BILLY VEUT PAYER SON DÛ par Marie Wiener

Billy vient du Tigray, une région du Nord-Ouest de l’Éthiopie plongée dans un bain de sang durant au moins 2 ans (de novembre 2020 à novembre 2022). Il est arrivé chez moi avec 2 copains érythréens. Il m’a semblé bien plus réservé que les 2 autres, paraissant longtemps sur ses gardes. Il avait l’air de se demander qui j’étais et pourquoi je les hébergeais, dans quel piège j’essayais possiblement de les attirer…

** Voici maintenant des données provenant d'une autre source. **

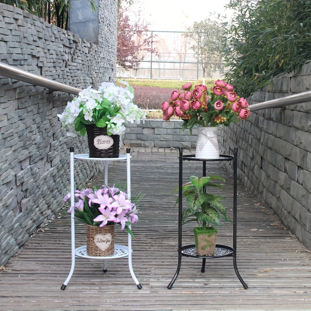 Soporte para plantas colgantes de doble capa de metal con patrón de flores, decoración para interiores y exteriores
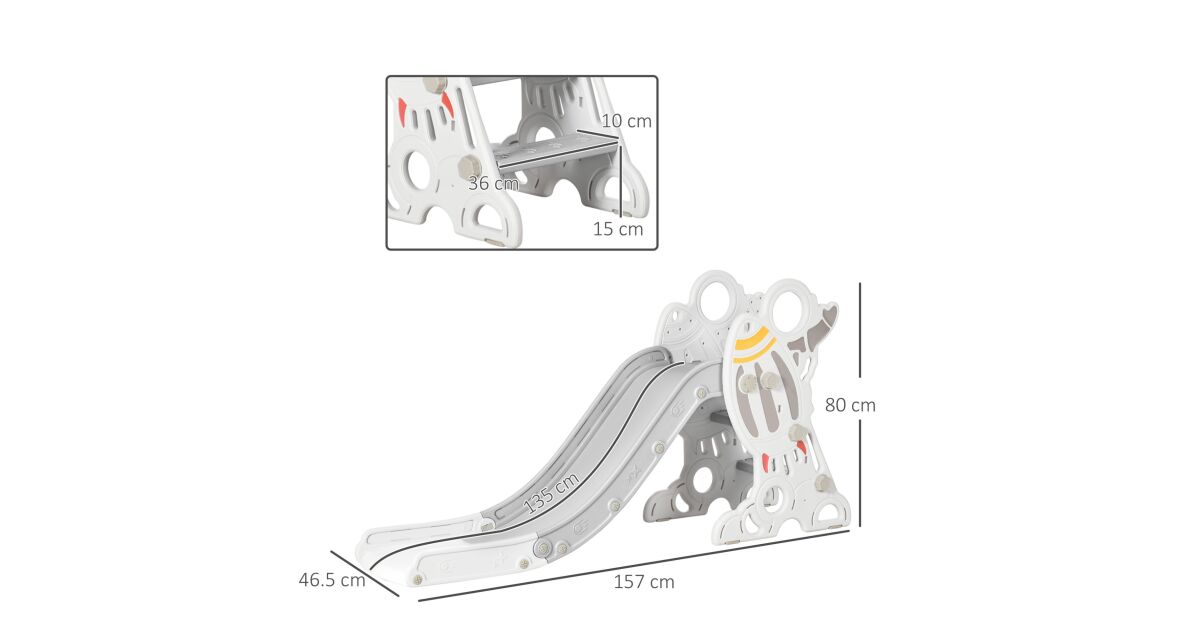 AIYAPLAY csúszda 18-36 hónapos gyermekeknek PE és PP anyagból, űr témával és csúszásgátló lépcsőkkel, 157x46,5x80 cm, szürke és fehér leírása
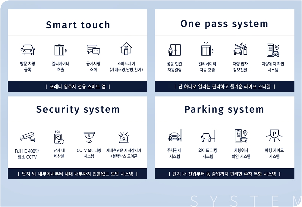 단지 내.외부에 조경 시설과 인테리어가 아주 웅장합니다. 브랜드 아파트 단지답게 보안시설에 아주 특화되어 있는 모습인데요. 특히 차량위치 확인 시스템과 와이드파킹 시스템은 일반적인 비브랜드 아파트에서는 볼수없는 시설이라 유심히볼 가치가 있습니다.
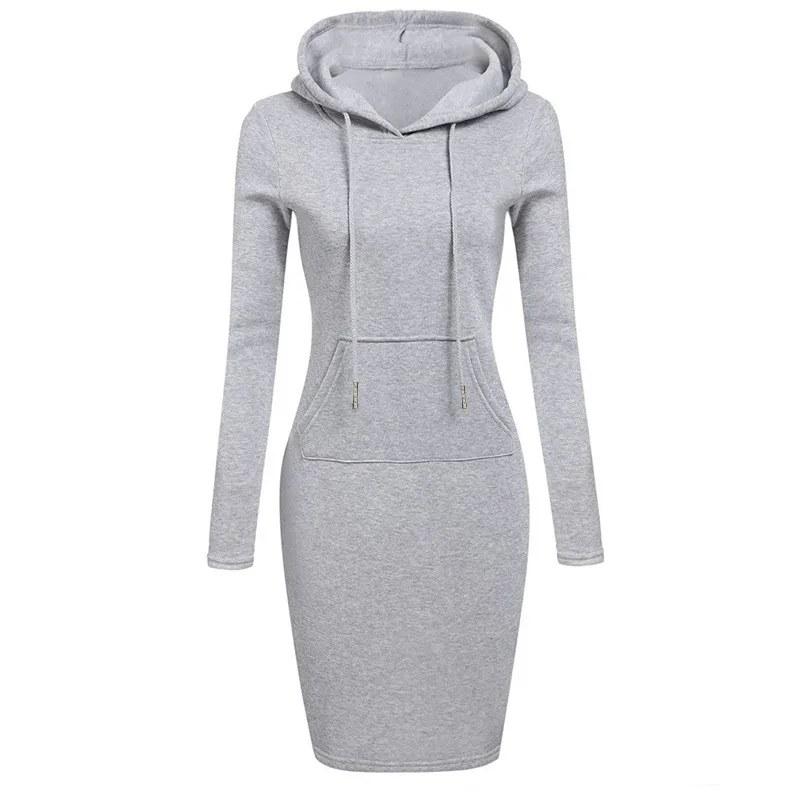 1.Fashion knee-length dress with hooded sweatshirt design combining comfort and fashion for daily wear.

La glace a été brisée à deux occasions marquantes: d’abord, je l’ai conduit à la consultation juridique de la Plateforme, où il a pu s’expliquer, avec traduction dans sa langue.
Ensuite, il a eu besoin d’une radiographie. Et le personnel de l’hôpital l’a accueilli avec égards et bienveillance, tant les administratifs que les soignants et techniciens.
Il restait méfiant, cependant: tout ça “FOR FREE?!?” Ça ne se peut pas.
Il m’explique que quand sa procédure sera achevée, quel que soit le résultat, qu’il obtienne l’asile ou pas: il paiera. Il tient à rembourser ce qu’il doit pour ces services.
J’essaie de lui expliquer qu’avec nos impôts (je ne tente pas de différencier pour lui le fisc proprement dit des cotisations), la Belgique organise quelque chose que nous appelons la sécurité sociale. Je m’avance en essayant de décrire ma propre situation: moi, je paie la médecine, mais pas à 100%. Parce que justement, je paie aussi des impôts (et des cotisations).
Il me croit, parce qu’avec ces “miracles” que j’ai opérés devant lui, pour lui, sûrement je sais de quoi je parle. Mais, en fait non, il ne me croit pas tout à fait.
Car COMMENT cela serait-il possible? Sûrement je cache des choses – ou je les embellis.

Et Billy se détend. En avril dernier, il a vu des images de la zone traversée par la tornade de Rolling Fork (Mississippi). Il m’a affirmé que chez lui, la guerre a fait les mêmes ravages (à plus grande échelle, sûrement).
Une ou deux semaines plus tard: “Madame Mari, tu as vu? Ca pète aussi au Soudan, ces jours-ci! L’Afrique, en fait, c’est presque partout l’enfer.”

Un soir en mai, je déplie une nappe fleurie au jardin.
Billy s’est prosterné juste avant le repas. L’autre “colocataire” se signe devant l’assiette servie. Avec moi dont la mère est juive, les 3 confessions du Livre sont réunies. Ils insistent pour trinquer, ce qui change évidemment en divin breuvage le Château La Pompe habituel. “It is a party, sourit Billy. A family party!”

Puis son dossier a progressé. Fedasil lui a enfin attribué une place en centre ouvert.
Alors il fait des aller-retour entre le centre et chez moi, pour voir les copains, changer d’ambiance. Et aussi pour faire sa lessive.
Un dimanche d’été, il m’a accompagnée “to the open market”, sur la place communale de Boitsfort. Chez le boucher marocain – ils se connaissent, ils se sont déjà rencontrés lors de précédents marchés, ils se parlent en arabe – je lui dis de choisir ce qu’on mangera ce soir. OK: des pilons de poulet marinés.
All right! You will cook it. And I will prepare the salad!” Ainsi fut fait.
Nous sommes juste à deux ce soir-là, mais ce sera tout de même “a family party“, au jardin et avec la nappe, dans la relative fraîcheur et la belle lumière d’après l’orage.
“Good food!” conclut Billy, rassasié.

A partir du mois d’août, j’ai été beaucoup moins disponible. J’ai pris une semaine pour aller voir les amis et amies qui s’étaient installés en Grande-Bretagne. Fin septembre, j’ai organisé des travaux de rénovation de la maison. Etc. Billy est parti vivre sa vie.

Début décembre, via messenger:
Hello Mami, how are you today? I am very happy that I was allowed to take the Belgian paper”. La joie ! Une joie littéralement éclatante. Comme à chaque bonne nouvelle de ce genre que je reçois.

Hier, il est revenu pour quelques jours. Pour me revoir, me souhaiter la bonne année.
Et pour “payer” son dû ? Comme il l’avait annoncé ?
Il a en tout cas déballé un lourd sac à dos: une bouteille de détergent vaisselle, un bidon de “Mr Propre”, un autre contenant du produit anticalcaire pour nettoyer la salle de bain, une pochette de six lavettes jaunes, un paquet de six éponges de cuisine (avec la face verte pour récurer les casseroles). Et un pack d’essuie-tout.